As an update, I have learned that dvc works best by tracking directories rather than individual files when large numbers of files need to be added (we currently have 779 .ps files).

Does tracking a directory mean computing a hash for the whole directory? A bit concerned with what this means if different people are trying to modify different PS files on multiple branches.

Edit: Looking at https://dvc.org/doc/command-reference/add#example-directory, it seems that running dvc add on a directory will indeed produce a single test/baseline/directory.dvc file with a single md5 hash. This directory.dvc file might be a source of multiple merge conflicts.

maxrjones commented 2 years ago

@PaulWessel, for PyGMT we bundle up the test images at release time and include that as an asset for the github and zenodo releases. Do you think this is desirable for GMT as well?

Benefits -

Downsides

joa-quim commented 2 years ago

There are 104 MB of files in test\baseline, is this what you are referring?

maxrjones commented 2 years ago

There are 104 MB of files in test\baseline, is this what you are referring?

Yes. Not to go in the source tarballs, bundles, or windows installers. Just zip up that when we do a release and archive it somewhere.

joa-quim commented 2 years ago

Right, backups are never a bad idea. The PS files should compress significantly.

PaulWessel commented 2 years ago

I agree, good think to do for self-preservation.

seisman commented 12 months ago

As an update, I have learned that dvc works best by tracking directories rather than individual files when large numbers of files need to be added (we currently have 779 .ps files).

Does tracking a directory mean computing a hash for the whole directory? A bit concerned with what this means if different people are trying to modify different PS files on multiple branches.

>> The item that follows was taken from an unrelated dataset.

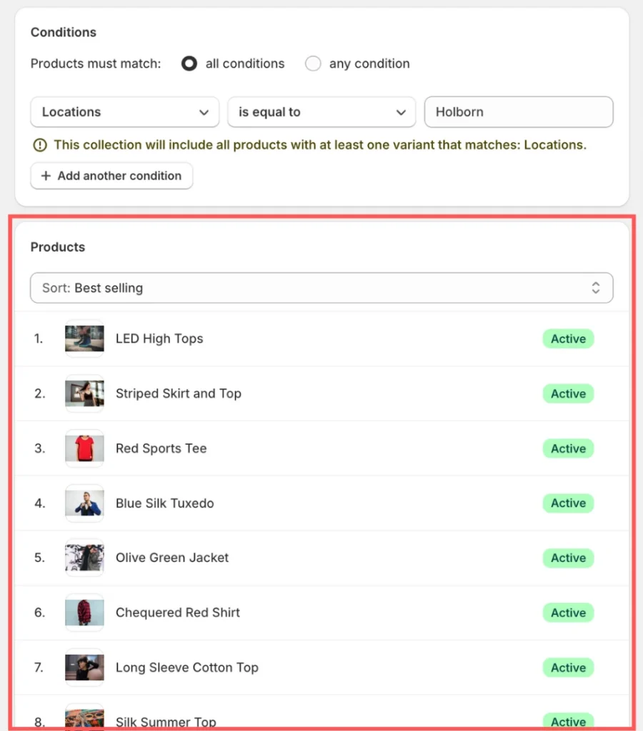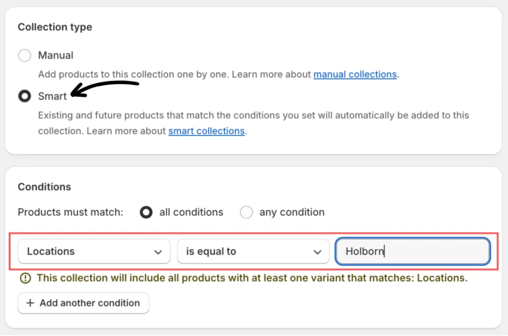 Next, select Smart as your Collection type. For the conditions, specify Locations > is equal to > enter the location name where these products are available (e.g., Holborn).

Edit: Looking at https://dvc.org/doc/command-reference/add#example-directory, it seems that running dvc add on a directory will indeed produce a single test/baseline/directory.dvc file with a single md5 hash. This directory.dvc file might be a source of multiple merge conflicts.

Tracking directories has caused a lot of troubles for us recently. For example, all the PS files of the 52 examples are DVC-tracked in a single DVC file (i.e., doc/examples/images.dvc). Currently, its content is:

outs:                                                                           
- md5: 4dd0ad31844cb0b0b451648cda314e2a.dir                                        
  size: 37295153                                                                   
  nfiles: 53                                                                    
  path: images                                                                  
  hash: md5 

The troubles are:

So, tracking directories is not a good choice for us. As I understand about @maxrjones's comment https://github.com/GenericMappingTools/gmt/issues/5724#issuecomment-917093670, tracking a large number of files is not efficient, but are 1000 files too much? After reading some upstream DVC issues and it seems they are talking about the inefficiency for 10k to millions of files. The number of GMT's PS files will definitely increase, but I don't think we will have more than 2000 files in the next few yeas. So maybe we should try tracking individual files instead?

maxrjones commented 12 months ago

As I understand about @maxrjones's comment https://github.com/GenericMappingTools/gmt/issues/5724#issuecomment-917093670, tracking a large number of files is not efficient, but are 1000 files too much? After reading some upstream DVC issues and it seems they are talking about the inefficiency for 10k to millions of files. The number of GMT's PS files will definitely increase, but I don't think we will have more than 2000 files in the next few yeas. So maybe we should try tracking individual files instead?

As the .dvc files are so small and we can always purge images from the dagshub repo, the only real risk here seems to be the amount of time it would take to try this and go back if necessary. I would guess it would take a couple hours of work to go from the current structure to tracking individual files, and likely about the same to go back if it turns out to be more of a headache. Seems worth trying IMO given the recent frustrations.